Furthermore, the signal processing circuit 35 may calculate a round-trip distance to the target by integrating the light velocity with the round-trip propagation time.

In the pulse wave radar device shown in FIG. 3, the cutoff circuit 36 cuts off an output of the demodulation circuit 33 during a time when a transmitting pulse or a transmitting pulse wave is leaking in the pulse wave radar device. That is, when a transmitting pulse is output from the pulse generation circuit 11, the transmitting pulse may leak from the pulse generation circuit 11 or an input path from it to the modulation circuit 21 to the demodulation circuit 33 or its output path (leakage A of FIG. 3). Further, when a transmitting pulse wave is output from the modulation circuit 21, the transmitting pulse wave may leak from the modulation circuit 21, the power amplification circuit 22, or either one of their output paths to the pre-amplification circuit 32, the demodulation circuit 33, or either one of their input paths (leakage B of FIG. 3). Further, leakage may occur from the transmitting antenna 23 to the receiving antenna 31 (leakage C of FIG. 3). During a time when a transmitting pulse is being input to the baseband amplification circuit 34 through a path of leakage A or when a transmitting pulse wave is demodulated by the demodulation circuit 33 and being input to the baseband amplification circuit 34 like a receiving pulse wave through a path of leakage B or C, an output from the demodulation circuit 33 to the baseband amplification circuit 34 is cut off by the cutoff circuit 36. That is, the output of the demodulation circuit 33 is cut off.

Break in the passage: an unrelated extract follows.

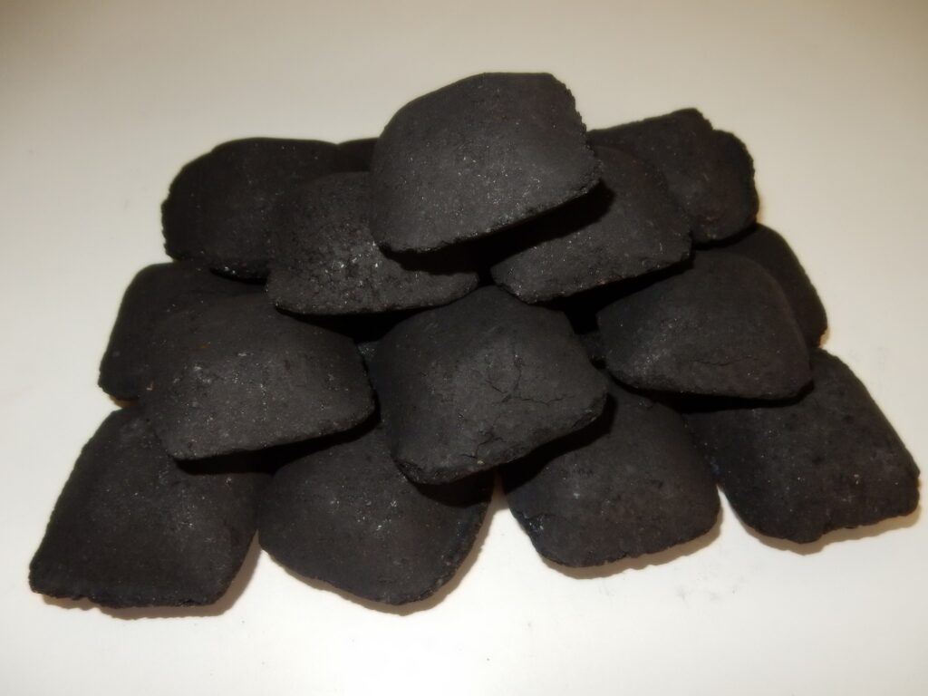 Una persona sosteniendo pellets de biocarbón un combustible de carbón ...

The cutoff circuit 36 is controlled at a timing when a transmitting pulse is output from the pulse generation circuit 11. That is, by measuring beforehand a timing at which a transmitting pulse or a transmitting pulse wave leaks, it is possible to set a period during which the output of the demodulation circuit 33 is to be cut off by the cutoff circuit 36 under the control from the pulse generation circuit 11.

As described above, by arranging the cutoff circuit 36 to a stage following the demodulation circuit 33, it is possible to prevent error detection due to leakage by reducing effects not only of leakage pieces B and C but also of leakage A of FIG. 3, thereby accurately detecting a distance to a target in a close range.

The following will describe another embodiment of the pulse wave radar device with reference to FIG. 4. In FIG. 4, the same symbols as those in FIG. 3 indicate the same components. The pulse wave radar device shown in FIG. 4 is different from that shown in FIG. 3 in a respect that a cutoff circuit 36 is arranged to a following stage of the baseband amplification circuit 34. The cutoff circuit 36 is adapted to cut off an output of a demodulation circuit 33 via the baseband amplification circuit 34.

By such arrangement, a noise generated by the cutoff circuit 36 is not amplified by the baseband amplification circuit 34 so that a receiving pulse may be detected, thus having less influence on the detection of the receiving pulse. Further, even in a case where a pulse due to leakage is so large that a saturation level of the baseband amplification circuit 34 may be reached, this pulse due to leakage has a constant size, so that if a normal operation is recovered from the saturation state quickly, it is possible to reduce effects to the leakage by the cutoff circuit 36 easily.

In the pulse wave radar device shown in FIG. 4, the cutoff circuit 36 cuts off an output of the baseband amplification circuit 34 during a time when a transmitting pulse or a transmitting pulse wave is leaking in the pulse wave radar device. That is, when a transmitting pulse output from the pulse generation circuit 11, the transmitting pulse may leak from the pulse generation circuit 11 or an input path from it to the modulation circuit 21 to the demodulation circuit 33 or an output path of the demodulation circuit 33 or the baseband amplification circuit 34 (leakage A of FIG. 4). Further, when a transmitting pulse wave is output from the modulation circuit 21, the transmitting pulse wave may leak from the modulation circuit 21, the power amplification circuit 22, or either one of their output paths to the pre-amplification circuit 32, the demodulation circuit 33, or either one of their input paths (leakage B of FIG. 4). Further, leakage may occur from the transmitting antenna 23 to the receiving antenna 31 (leakage C of FIG. 4). During a time when a transmitting pulse is being output from the baseband amplification circuit 34 through a path of leakage A or when a transmitting pulse wave is demodulated by the demodulation circuit 33 and being output from the baseband amplification circuit 34 like a receiving pulse wave through a path of leakage B or C, an output of the demodulation circuit 33 is cut off by the cutoff circuit 36. That is, the output of the demodulation circuit 33 is cut off via the baseband amplification circuit 34.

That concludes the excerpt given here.